# Knicker thief



## KGr (Mar 11, 2013)

Pip has a new hobby...... Sneaking in the kitchen, opening the washing machine door & stealing knickers & socks. 
Here's a pic of her caught in the act!


----------



## Mazzapoo (Jul 28, 2013)

Ha ha, like peas in a pod, Poppy loves 'helping' me with the washing. Well snapped though!


----------



## RuthMill (Jun 30, 2012)

I love your floor! Is it tile?

The knicker their is lovely too!!


----------



## dio.ren (Jan 18, 2013)

Too cute little Pip caught in the act Molly has been caught a few times running around with a sock but you can tell that she knows she isn't suppose to have it and drops it right away


----------



## dmgalley (Aug 19, 2012)

RuthMill said:


> I love your floor! Is it tile?
> 
> The knicker their is lovely too!!


I always cringe when I remember that you guys notice everything. I better do more cropping in the future. 
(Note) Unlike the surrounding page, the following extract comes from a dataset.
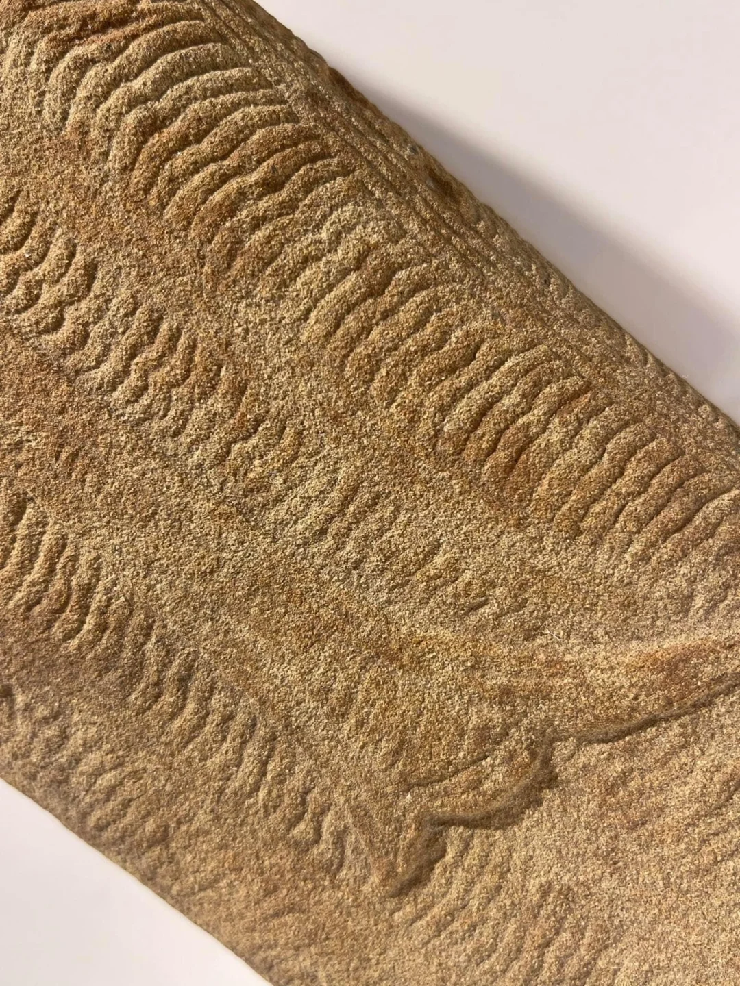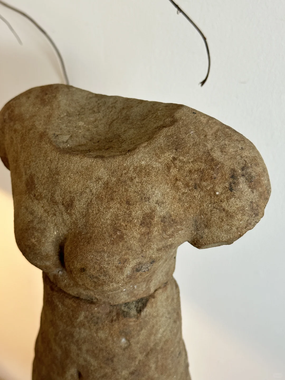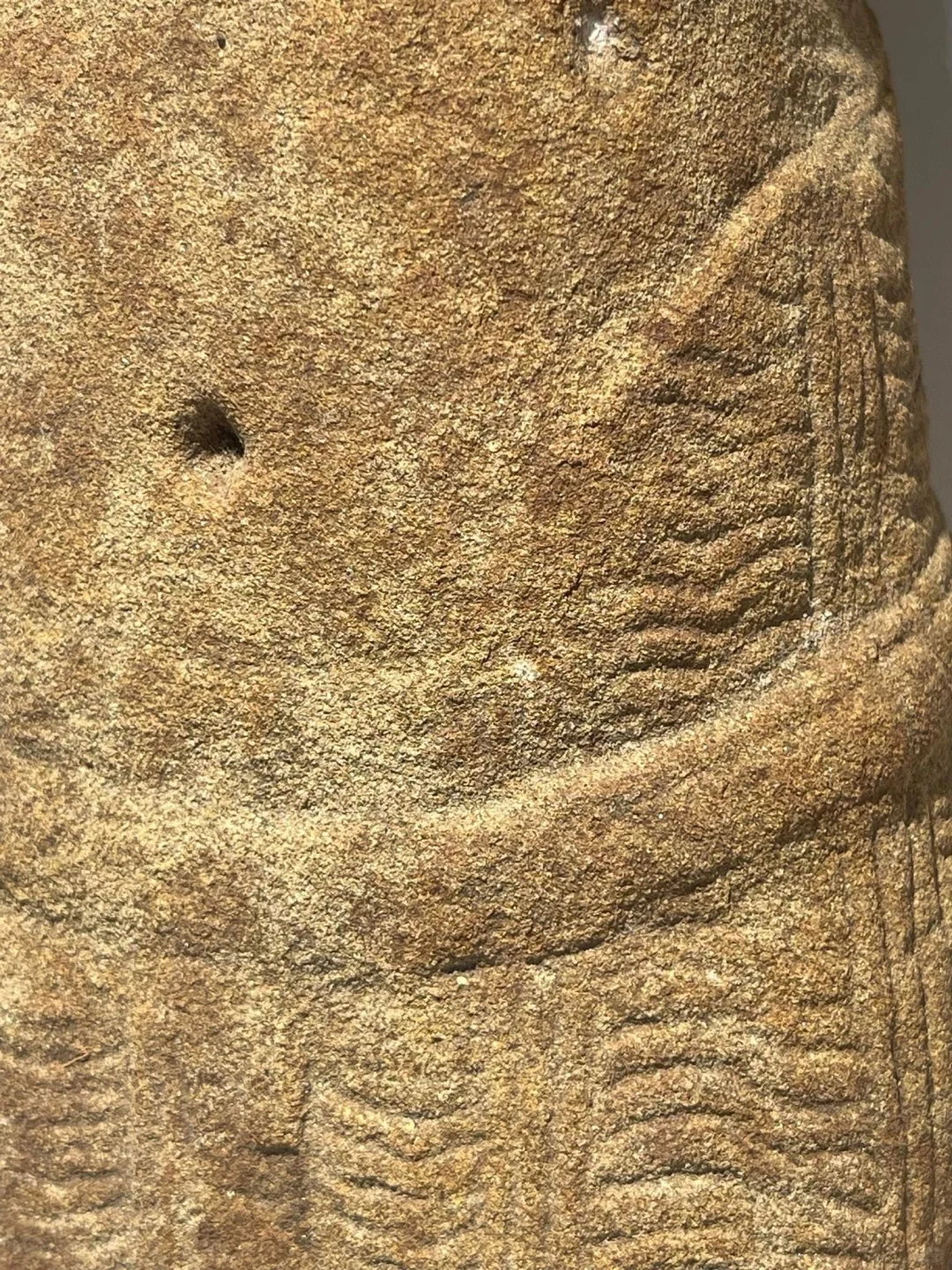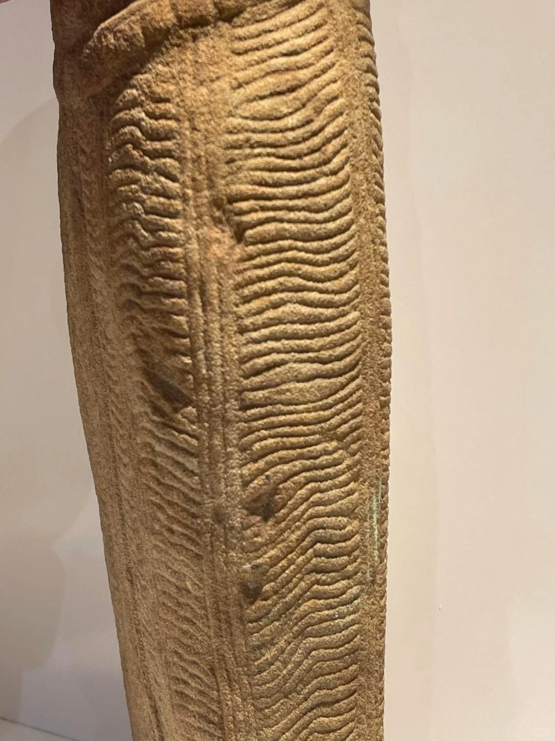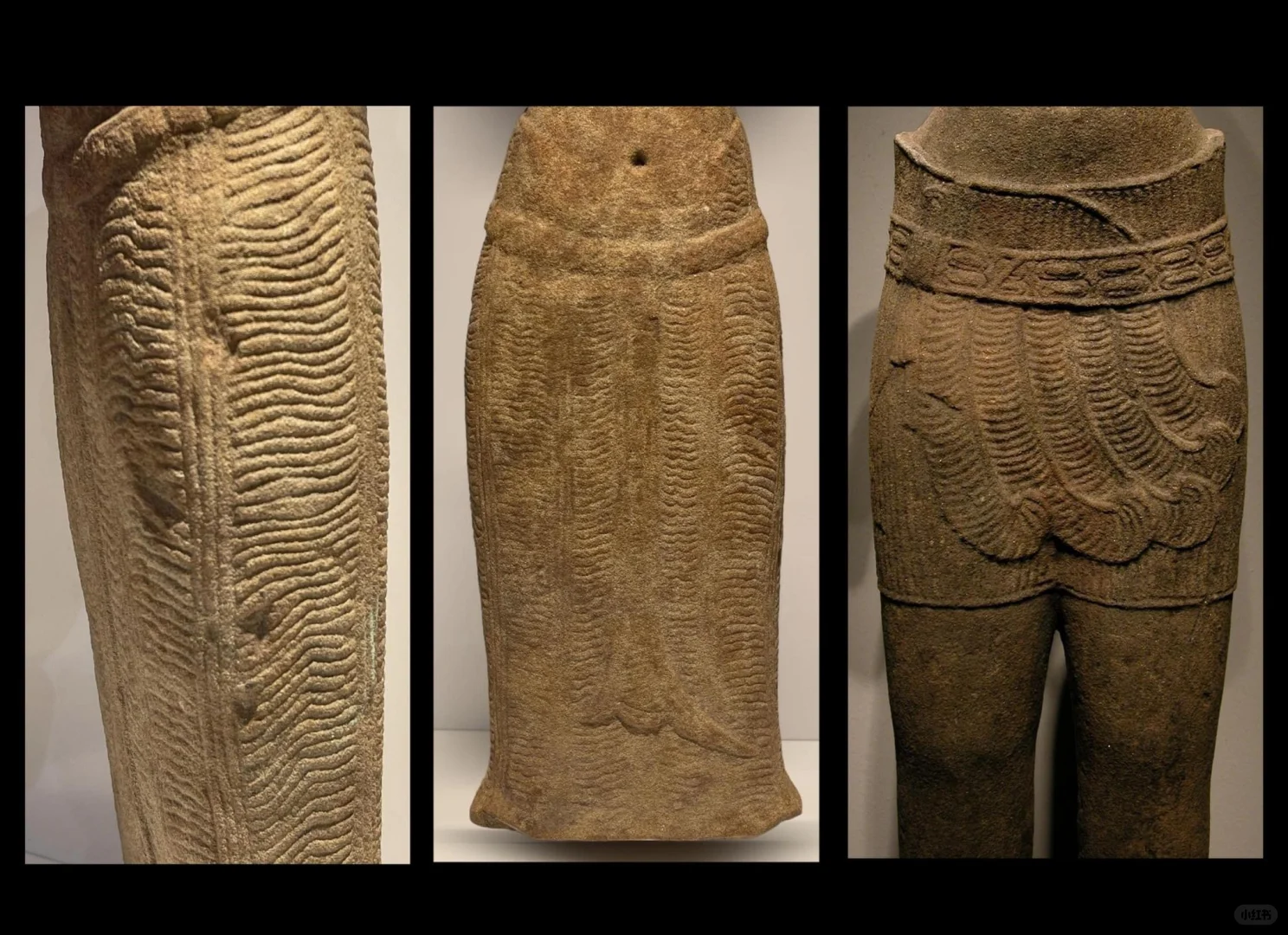 高棉11世纪晚期 Baphuon巴普昂寺风格 Uma躯干 不同寻常的桑波特展示了一种我认为很少见的装饰图案,这是我第一次在女性雕塑中看到它,图11展示了男性雕塑中如何使用这种图案。是我见过的三个雕塑之一,另一个在拉奇福德收藏中。这两件作品都可能在11世纪晚期(Baphuon晚期风格,过渡到吴哥窟风格)大约925年。 高度:45.5cm 净高:38cm

Sent from my SGH-T999 using Tapatalk 2


----------



## dio.ren (Jan 18, 2013)

dmgalley said:


> I always cringe when I remember that you guys notice everything. I better do more cropping in the future.
> 
> Sent from my SGH-T999 using Tapatalk 2


Ha!! Too funny are you trying to hide dust bunnies


----------



## RuthMill (Jun 30, 2012)

dmgalley said:


> I always cringe when I remember that you guys notice everything. I better do more cropping in the future.
> 
> Sent from my SGH-T999 using Tapatalk 2


Donna.. My home is not perfect at all! I'm like a magpie that's all. I notice things that I like!


----------



## Tinman (Apr 23, 2013)

Funny pic, pure guilt written all over her face!
Ralph was a real burglar when it came to socks, hiding the evidence on 2 occasions - by swallowing them!! 
I also had to chase Ralph, ruby and boo around my garden when Ralph stole a pair of knickers whilst I was doing the washing - clean ones thankfully!! ! I don't want my dirty linen aired in public!!!


----------



## KGr (Mar 11, 2013)

RuthMill said:


> I love your floor! Is it tile?
> 
> The knicker their is lovely too!!


Ruth- no my flooring isn't tile it's vinyl flooring similar to kairndean or amtica. It's so easy to mop down when Pip's come home from a muddy walk. 

And by the way the lovely barbie knickers aren't mine- they belong to my daughter ha ha


----------



## RuthMill (Jun 30, 2012)

KGr said:


> Ruth- no my flooring isn't tile it's vinyl flooring similar to kairndean or amtica. It's so easy to mop down when Pip's come home from a muddy walk.
> 
> And by the way the lovely barbie knickers aren't mine- they belong to my daughter ha ha


Oh I meant the knicker thief! Blooming predictive keyboard!! Aaahhhhh! I'm definitely not in to Barbie 

Yeh I love that floor. I was thinking of lifting my tiles and putting something similar down. The tiles have been down a while and have a few chips and cracks from things falling on them! I much prefer your floor!


----------



## dmgalley (Aug 19, 2012)

dio.ren said:


> Ha!! Too funny are you trying to hide dust bunnies


Mine are beyond bunnies sometimes  the best part is I never notice till I am editing photos. Guess I spend a little too much time doing other things. 

Sent from my SGH-T999 using Tapatalk 2


----------



## JoJo (Mar 2, 2011)

Hey nothing wrong with Barbie knickers .. just struggling to get them in my size lol ...

Pip is gorgeous and I her sneaky sock and knickers stealing and playing is so funny  cheeky and fun xxx


----------



## erinafare (Dec 9, 2012)

RuthMill said:


> I love your floor! Is it tile?
> 
> The knicker their is lovely too!!


Nobody has mentioned the *** toy on the floor. Oops sorry the dog toy


----------



## Tinman (Apr 23, 2013)

erinafare said:


> Nobody has mentioned the *** toy on the floor. Oops sorry the dog toy


Haha your funny Christine, you'll have everyone checking back on the photo like I just did!!


----------



## KGr (Mar 11, 2013)

erinafare said:


> Nobody has mentioned the *** toy on the floor. Oops sorry the dog toy


Wondered how long it would take for you lot to notice Pip's favorite toy!!! What are you like?!!!!!!


----------



## erinafare (Dec 9, 2012)

First thing I noticed


----------



## erinafare (Dec 9, 2012)

dmgalley said:


> I always cringe when I remember that you guys notice everything. I better do more cropping in the future.
> 
> Sent from my SGH-T999 using Tapatalk 2


Know what you mean looked at some of the pictures I have posted and goodness most had small pile of ironing on sofa. 

I do my ironing honestly I do x


----------



## wilfiboy (Sep 18, 2010)

Pups just helping xx I never noticed the toy lol and don't do the ironing, I've got a pile like Mount Versuvius


----------